I'm scared I'll never be pregnant again but at the same time I'm scared of trying.. Trying for 4 years nearly destroyed our marriage and it took its toll on me, I feel like I am me again now we are not actively trying ( doesn't stop me hoping and praying each month that my period doesn't come or staring so hard at the pee stick I convince myself I can see two lines)

I don't know what to do with myself right now, at this moment. Hubby is asleep and I am downstairs, staring into space, with silent tears rolling down my cheeks. Checked Facebook and my friends baby was born today, and I don't want to feel like this but I'm so jealous, why not me? Why did all my friends get pregnant and their babies survived? I have been trying so much longer why not me?

And the worse part is there are no answers to these questions, I can't blame anyone, I don't have a direction to blow this bitterness so it gets vented at all pregnant women, at all parents who have children but don't realise how lucky they are.

None of this is fair. I just have to accept, and move forward one day at a time, without my baby. But it's so so hard not to imagine, what if I was in labour right now? Or be angry at the things I am doing in reality (like working and preparing for our event tomorrow) because I should be having my baby, she should have survived, it's our turn.

I'm hindsight I wish we had given ourselves time off this week to grieve, but instead I planned an event, and packed my diary, I feel guilty for that too, like I should have marked the occasion. Spoke to hubby tonight and he hasn't even bought me a bunch of flowers, neither of us has done anything. I feel like we should.

I don't know what to do with myself.

Oh sweetheart I really wish that I had logged on and seen this xxx You're right in that it is so unfair but don't ever feel stupid for loving and missing your baby, that is perfectly natural and it's the wonderful mother part of you that makes you feel the way you do xx
 
You are doing so well on the weight loss front. Hope you enjoy your run on Sunday. x
 
I have just read your post above and really I don't know what to say....other than we are here for you xxx
 
I have just read your post above and really I don't know what to say....other than we are here for you xxx

I second that.

And also thank you for being so open with us with these thoughts and feelings xx
 
Hope today has been good for you. x
 
What a heart felt post. Really moving. Did it help you running for the miscarriage charity? You need an outlet where all the emotions and energy you feel can have an outlet.

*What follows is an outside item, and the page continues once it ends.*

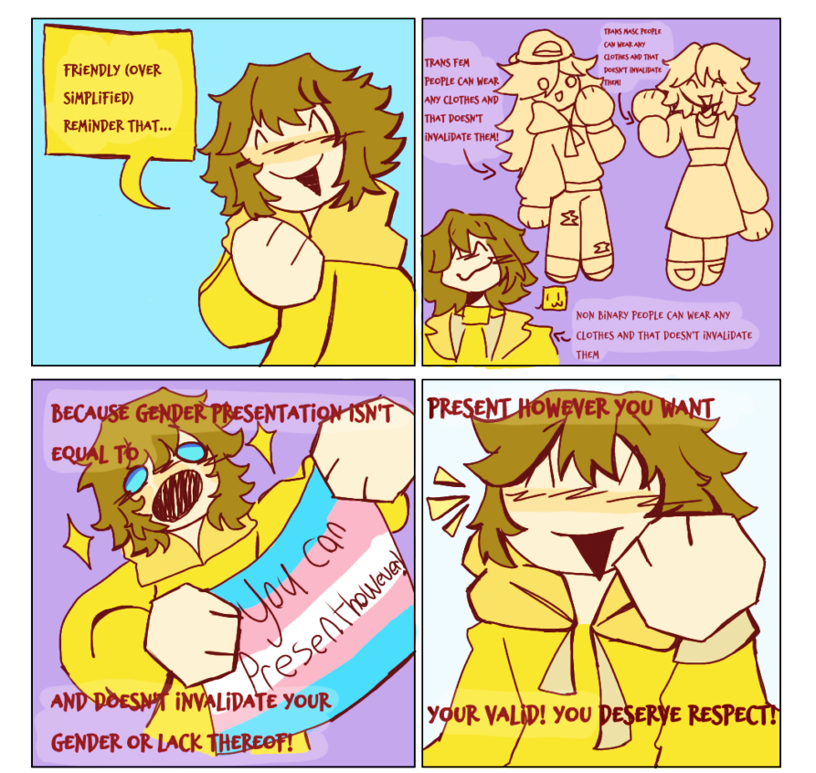 Just a reminder that you are valid and you deserve respect! I put the over simplified thing because it's hard to explain the history of gender rolls, expression ectand stuff in a silly 4 Panel comic lol! But I hope everyone gets the point that they deserve respect!!

Perhaps getting more involved with a charity like that night help? Or would it just remind you too much? I really hope you get what you dream for. Do you know the reason you and husband are struggling to conceive / or were. Apologies if you already said. My love goes out to you xxxxx

Hi Lara - thank you :)
Yes it really helped - I entered the run very shortly after my miscarriage as it gave me something to aim for a take my mind off it.

There's no reason we are struggling to conceive - all tests have come back normal so it's a mystery.
 
I have never been in your position and wont pretend to know how you feel. I am just sorry you do feel so bad. Maybe you could acknowledge the day just by releasing a simple balloon or lighting a candle, just so you dont feel guilty about planning work and not taking time off like you say! You have nothing to feel guilty about but if it makes you feel better to do something then do it. It doesnt have to be a grand gesture. Xxx

Thank you miss mac - our hospital is holding a memorial for parents with angel babies soon so we'll go to that to mark her passing.